| Exercise directions |
Look at the data below and print exactly the lines from its first line through the line with "Здесь рядом со"; the pictures stay out of the copy.

| Available data |

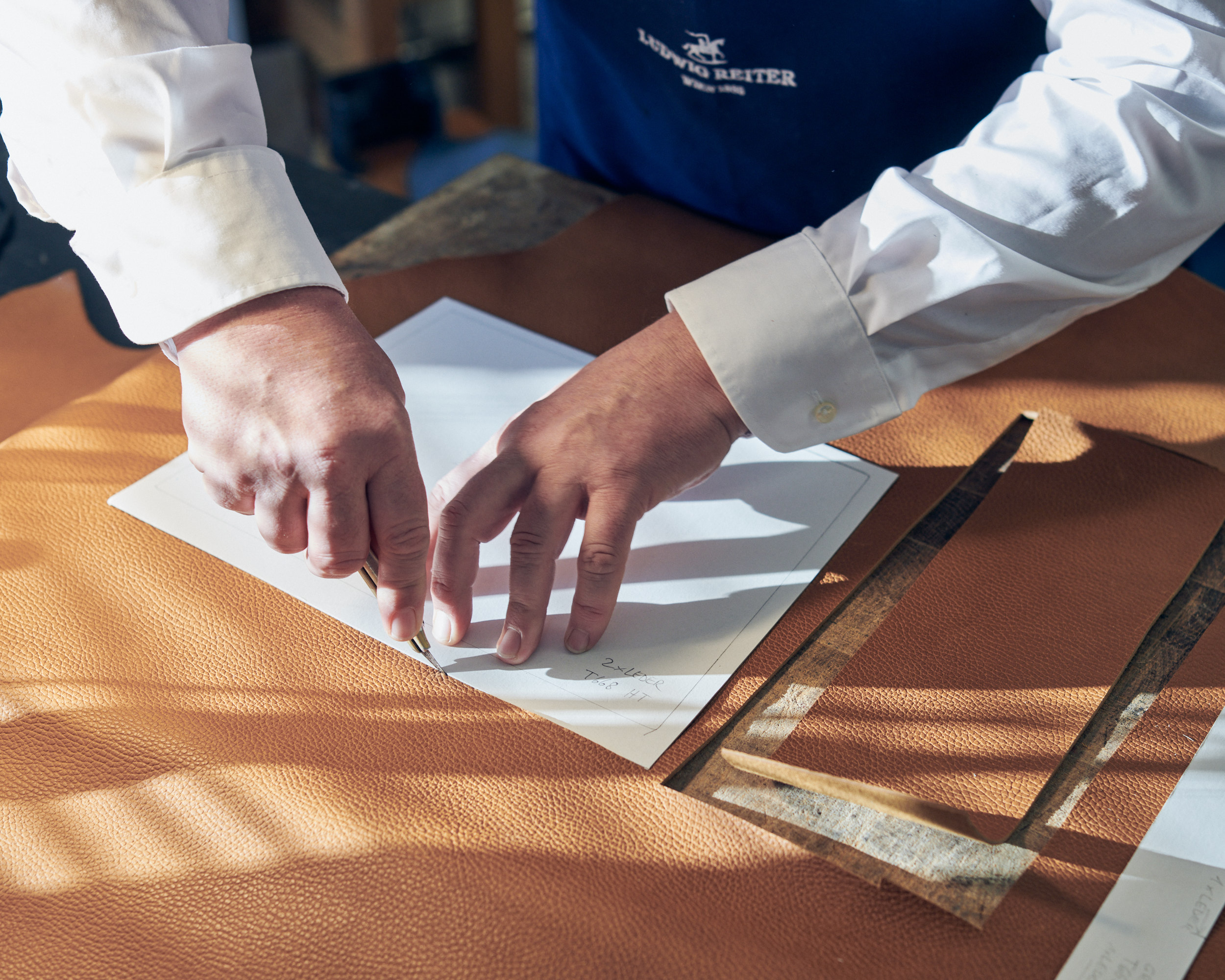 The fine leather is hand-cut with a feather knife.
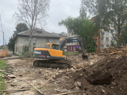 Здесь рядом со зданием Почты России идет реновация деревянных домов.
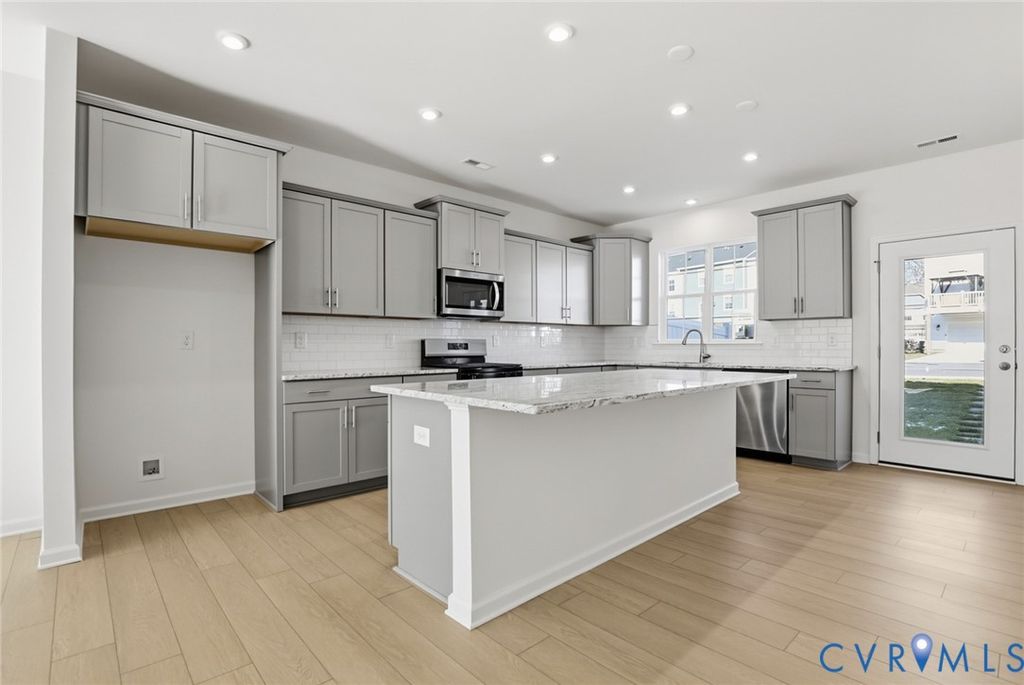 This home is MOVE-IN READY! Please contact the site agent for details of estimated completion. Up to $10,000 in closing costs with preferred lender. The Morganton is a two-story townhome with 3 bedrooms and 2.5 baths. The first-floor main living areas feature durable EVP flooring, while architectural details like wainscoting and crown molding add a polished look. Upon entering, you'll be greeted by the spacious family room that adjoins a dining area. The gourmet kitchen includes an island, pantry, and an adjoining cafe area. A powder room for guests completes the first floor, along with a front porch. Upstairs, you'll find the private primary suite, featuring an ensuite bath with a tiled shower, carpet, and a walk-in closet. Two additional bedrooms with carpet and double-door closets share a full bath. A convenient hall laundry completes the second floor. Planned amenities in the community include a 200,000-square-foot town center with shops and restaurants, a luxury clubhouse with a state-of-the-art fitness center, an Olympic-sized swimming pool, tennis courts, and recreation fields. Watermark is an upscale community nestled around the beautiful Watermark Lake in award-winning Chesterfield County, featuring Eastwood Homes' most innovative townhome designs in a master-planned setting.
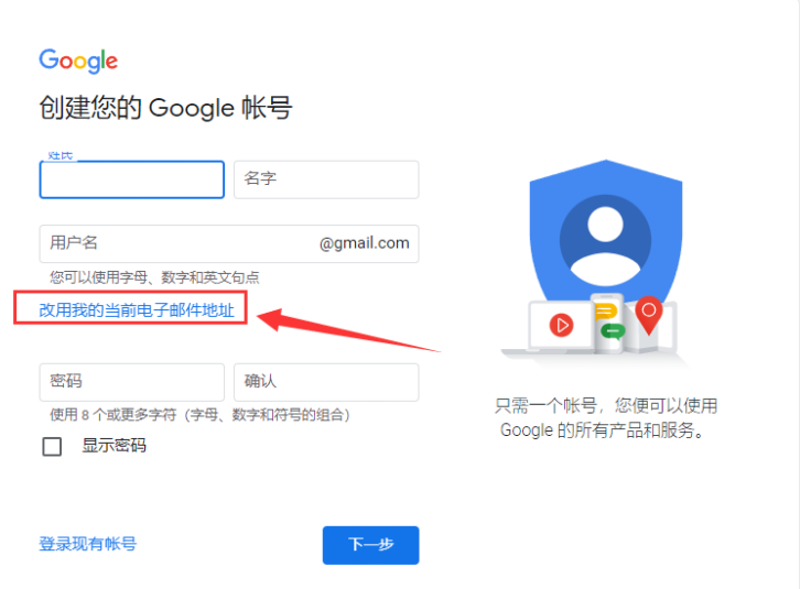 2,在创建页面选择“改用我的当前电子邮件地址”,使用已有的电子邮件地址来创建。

| The answer |
 The fine leather is hand-cut with a feather knife.
 Здесь рядом со зданием Почты России идет реновация деревянных домов.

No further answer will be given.